Problem description
Could you give the data that follows again exactly, without its pictures?

---------- Recorded data

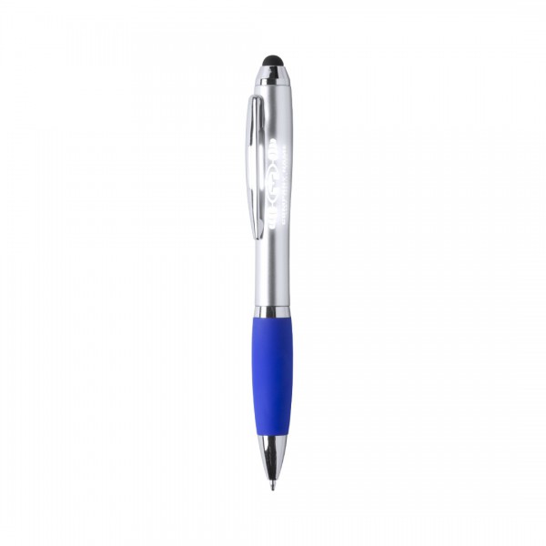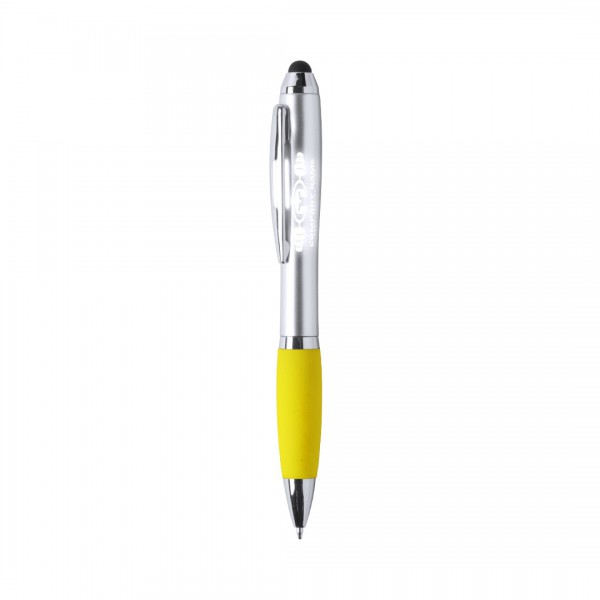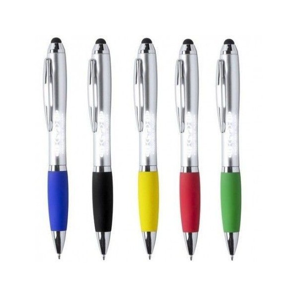 Bolígrafo puntero de mecanismo giratorio con luz led interior y cuerpo especialmente diseñado para marcaje en láser, iluminando así el logotipo. Con empuñadura en variada gama de vivos colores.
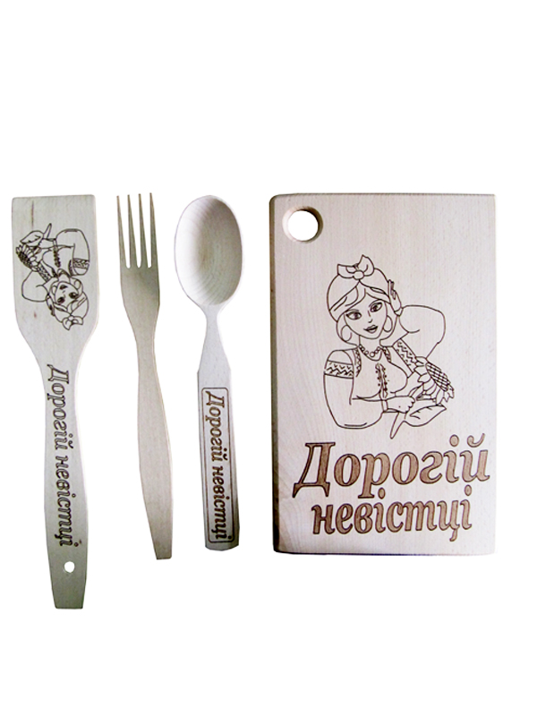 Невеликий набір "Дорогій невістці" складається з 4 предметів: обробної дошки з малюнком і написом, лопатки і ложки з написом, виделки.
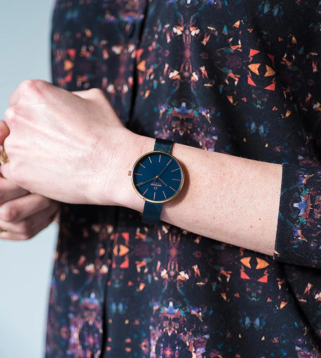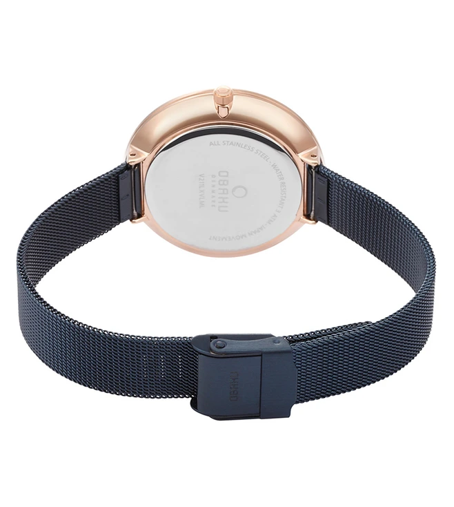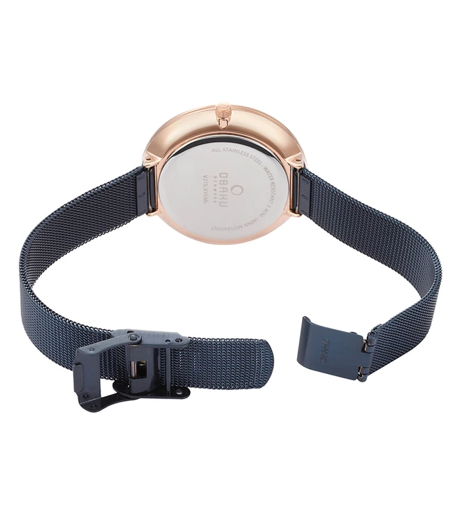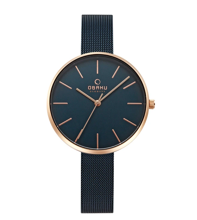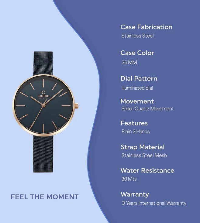 Craft an urban look wearing this trendy women’s analog watch from Obaku’s Viol Ocean collection. Operational on a quartz movement, the navy round dial exhibits plain three hands and stick markings to ensure time reading ease. Made of a premium quality stainless steel, the bracelet is further finished with a clasp to ensure a secure fit on the wrist. This water-resistant wristwatch looks breathtaking when worn with a pair of trousers and a high-neck t-shirt.

--------------------

Answer to the exercise
 Bolígrafo puntero de mecanismo giratorio con luz led interior y cuerpo especialmente diseñado para marcaje en láser, iluminando así el logotipo. Con empuñadura en variada gama de vivos colores.
 Невеликий набір "Дорогій невістці" складається з 4 предметів: обробної дошки з малюнком і написом, лопатки і ложки з написом, виделки.
 Craft an urban look wearing this trendy women’s analog watch from Obaku’s Viol Ocean collection. Operational on a quartz movement, the navy round dial exhibits plain three hands and stick markings to ensure time reading ease. Made of a premium quality stainless steel, the bracelet is further finished with a clasp to ensure a secure fit on the wrist. This water-resistant wristwatch looks breathtaking when worn with a pair of trousers and a high-neck t-shirt.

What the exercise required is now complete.